Apr 15
2019
HXD 2019: Driving Real World Change
By Amy Heymans (Cueva), founder and chief experience officer, Mad*Pow.
The scene: a brisk, sunny spring morning by the Charles River in Boston. More than 300 of the health industry’s brightest minds gathered from across the globe for two days of presentations, workshops, discussions and connections. The ninth annual Health Experience Design Conference, hosted by Mad*Pow’s Center for Health Experience Design, took place on April 2 and 3, 2019, and focused on designing for transformative change in health.
Mad*Pow launched the HXD Conference in 2011 to fill a void at the crossroads of health and design, and to explore how human centered design and innovation could transform health. Each year, HXD brings together a diverse community of executives and practitioners in design, innovation, research, strategy and technology to help accelerate the transformation of our health system. Presentations from high-profile thought leaders and health futurists provide inspiration and energy, and thoughtfully designed workshops and interactive activities spark discussions and form connections.
The theme of HXD 2019 was “Real World Change: Improving Health through Design and Innovation.” This theme was explored through presentations and workshop tracks on designing for health behavior change and systems change, health equity and disparities, service design in the healthcare space, and financial wellbeing. Eleven diverse and compelling keynote speakers addressed the conference from the main stage, including Steve Downs, chief technology and strategy officer at the Robert Wood Johnson Foundation; Karen Dillon, New York Times best-selling author; Cheryl Dahle, founder and CEO of Flip Labs; Vanessa Mason, research director of Institute for the Future; and Travis McCready, president and CEO, Massachusetts Life Sciences Center.
Steve Downs challenged attendees to consider how we might use technology to re-imagine and re-shape the fundamentals of everyday life to improve health. For this to succeed, we must establish health as a core value and explicit design goal, and embed it deeply within everything we design.
Karen Dillon, author of NYT best seller How Will You Measure Your Life, encouraged each attendee to ponder the course of their life and whether their resource allocation matches their goals. She urged the audience to consider whether they find intrinsic motivation in their jobs, and whether they’re standing for something they’re proud of.
Cheryl Dahle detailed her work with Flip Labs to tackle the global overfishing problem, and used this example of transition design to highlight the similarities between various complex human systems. Vanessa Mason examined shifting power dynamics in healthcare, including changes in gender norms as they relate to the tech industry, health struggles faced by millennials, and mental health and gaming addiction.
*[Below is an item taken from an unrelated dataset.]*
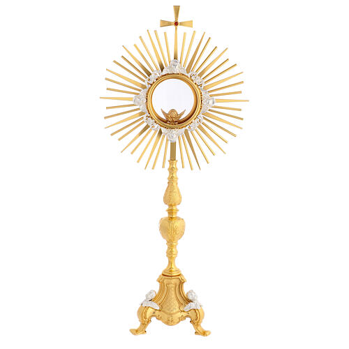 Gothic style monstrance with angels, 22 in, gold plated brass

Travis McCready talked about how to balance the life science industry’s focus on costly precision medicine against the need for accessible health for all. He left attendees with three reflections: You are what you eat, your environment matters and drugs and devices should be seen as the last resort, not the first resort.
HXD also offered fifteen workshops, tracks, lunch and learns, and panel discussions for attendees to choose from. These break-out sessions featured presentations and moderators from a wide range of backgrounds and organizations, including AARP, Mount Sinai Hospital, Kaiser Permanente, Harvard Medical School, Humana, John Snow, Inc., Fidelity, and many more. Sessions covered a wide range of topics, such as participatory design, health literacy, UX design, health equity, and patient experience.
HXD included an invitation-only leadership forum where leaders in healthcare came together to learn about and discuss key trends in health experience design. The conference also featured poster session displays, the announcement of the 2019 Health x Design Challenge, a cocktail reception, and musical performances by Berklee Musical Artists for Social Impact. HXD 2019 was notable for its diversity of both presenters and audience, with a large proportion of millennials in attendance. The focus on inclusion, equity, and empowerment in health was appreciated by attendees, many of whom commented on the community feel. Vanessa Mason summed up the goal of HXD as she closed her keynote by urging attendees to “use your power to design a better future of health.”